• What you have to do
Find the line with "胡庆余堂 人参阿胶浆750ml(50ml_15支)人参阿胶浓缩精华" in the records below. Output exactly from there until after the line with "Seashell variety, including", without pictures.

• The input
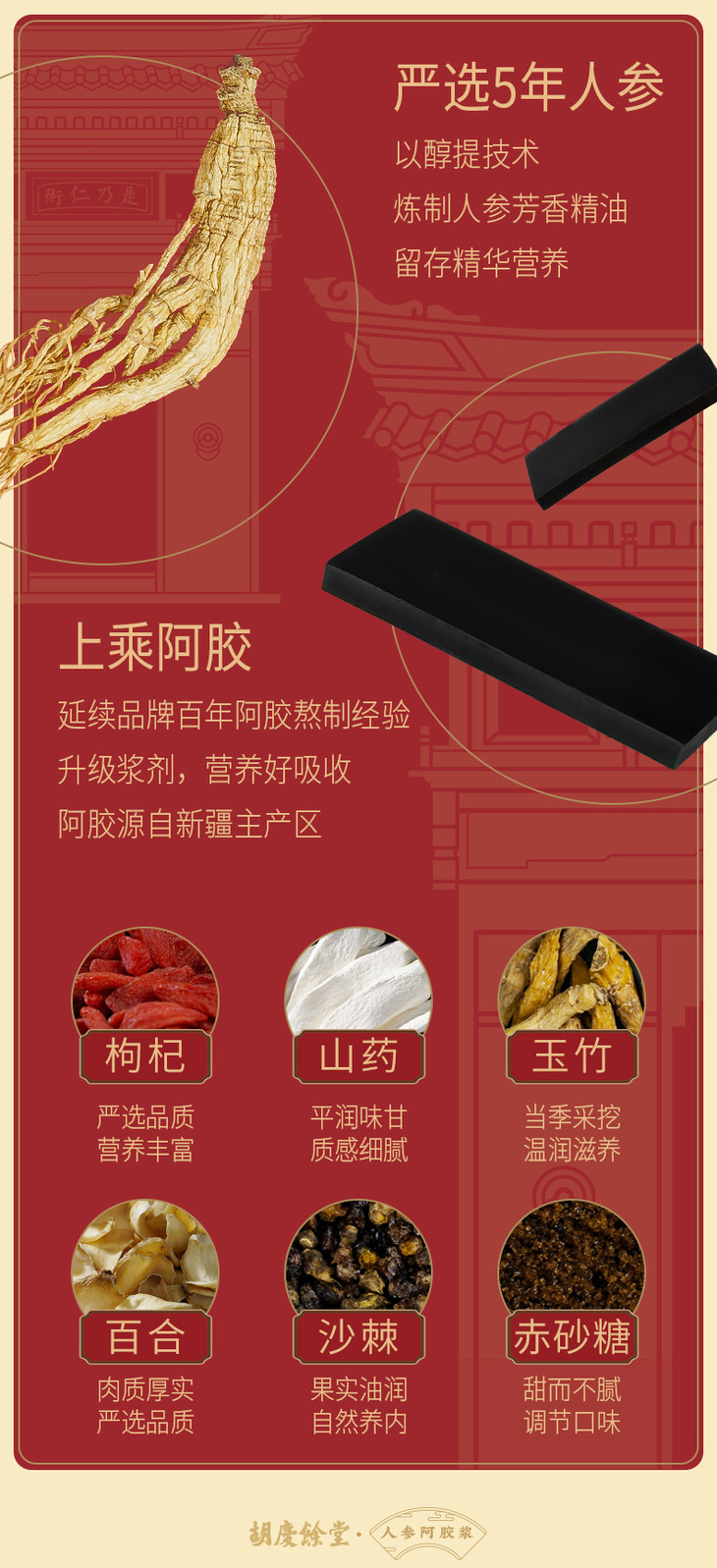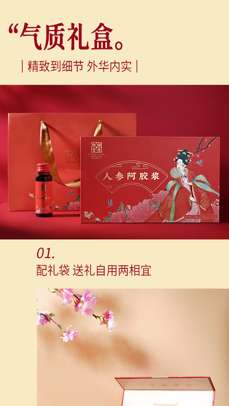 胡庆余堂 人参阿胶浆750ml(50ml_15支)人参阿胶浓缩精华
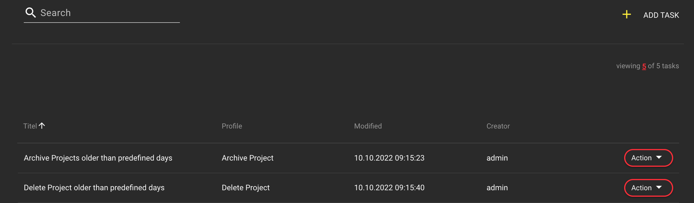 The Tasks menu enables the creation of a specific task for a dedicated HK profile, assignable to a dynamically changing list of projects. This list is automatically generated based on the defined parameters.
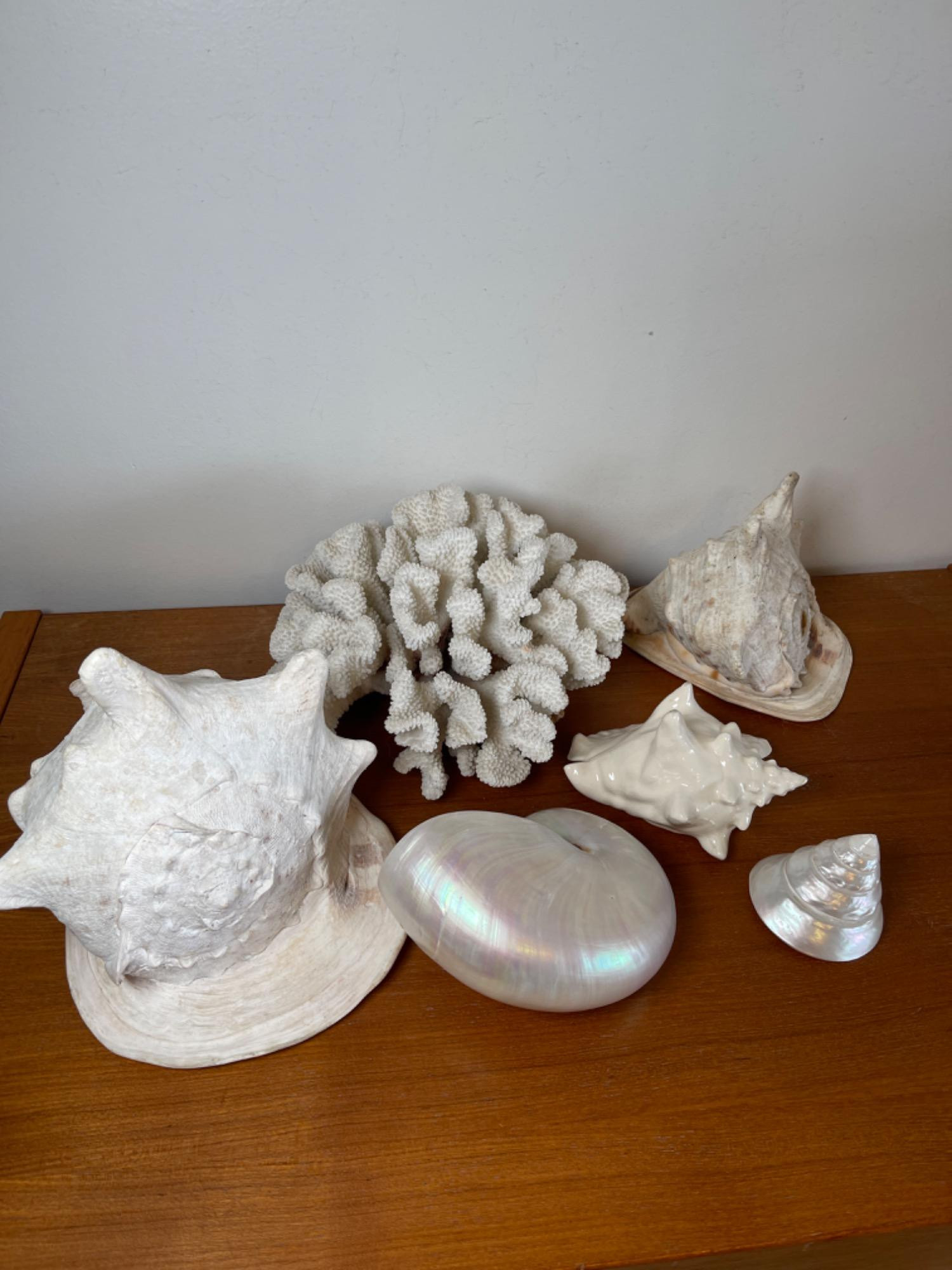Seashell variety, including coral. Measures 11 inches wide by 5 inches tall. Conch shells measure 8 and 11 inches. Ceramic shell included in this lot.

==

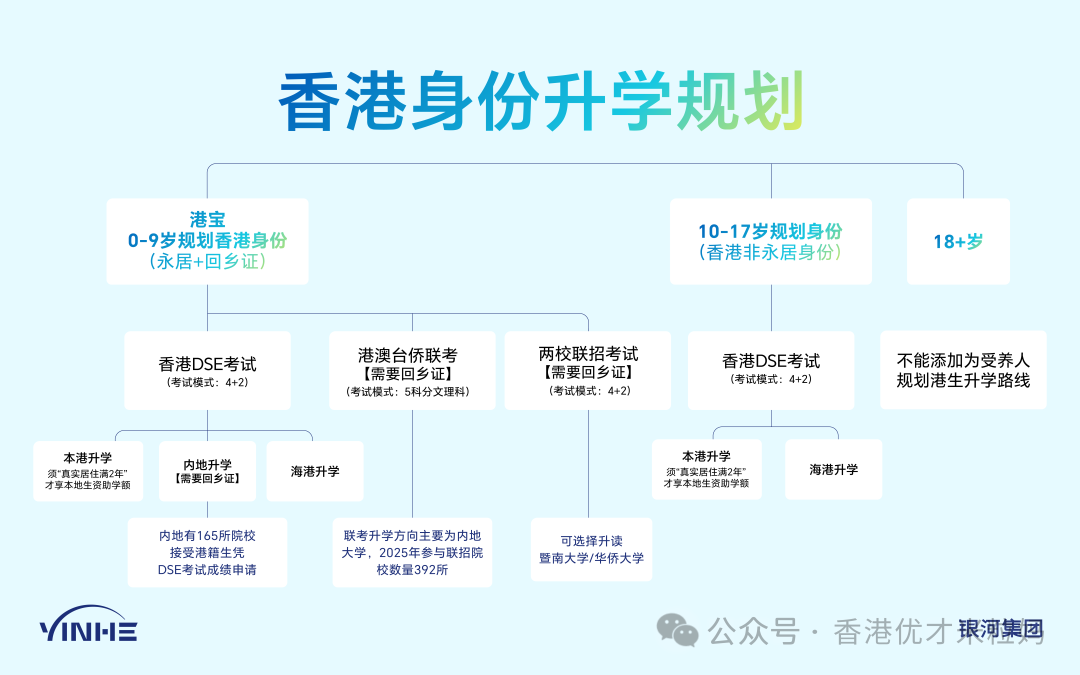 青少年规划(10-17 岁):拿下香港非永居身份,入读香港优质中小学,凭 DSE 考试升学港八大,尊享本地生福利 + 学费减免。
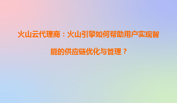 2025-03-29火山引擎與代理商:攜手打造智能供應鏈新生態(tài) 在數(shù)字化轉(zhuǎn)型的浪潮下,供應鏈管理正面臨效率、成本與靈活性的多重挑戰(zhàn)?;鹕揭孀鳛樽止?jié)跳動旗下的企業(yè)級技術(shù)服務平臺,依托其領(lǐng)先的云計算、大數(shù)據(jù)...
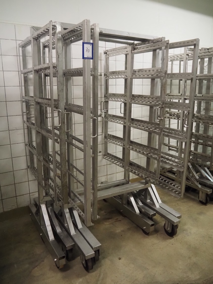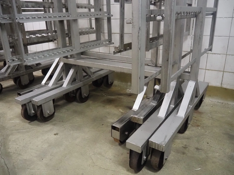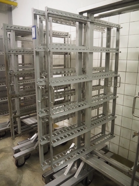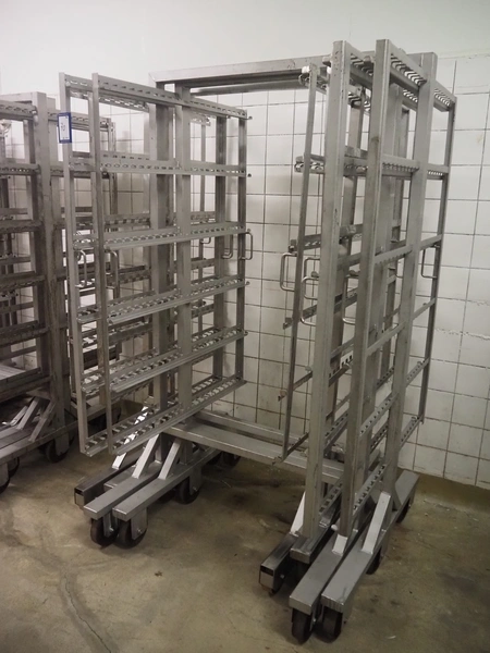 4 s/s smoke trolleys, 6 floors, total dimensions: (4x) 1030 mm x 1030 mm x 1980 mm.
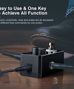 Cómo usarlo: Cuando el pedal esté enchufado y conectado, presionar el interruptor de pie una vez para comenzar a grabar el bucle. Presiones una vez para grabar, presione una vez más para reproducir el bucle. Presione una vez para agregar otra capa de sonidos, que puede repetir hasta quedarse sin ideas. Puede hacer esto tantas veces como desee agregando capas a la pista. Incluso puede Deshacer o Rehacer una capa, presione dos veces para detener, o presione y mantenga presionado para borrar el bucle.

• Answer space
 胡庆余堂 人参阿胶浆750ml(50ml_15支)人参阿胶浓缩精华
 The Tasks menu enables the creation of a specific task for a dedicated HK profile, assignable to a dynamically changing list of projects. This list is automatically generated based on the defined parameters.
Seashell variety, including coral. Measures 11 inches wide by 5 inches tall. Conch shells measure 8 and 11 inches. Ceramic shell included in this lot.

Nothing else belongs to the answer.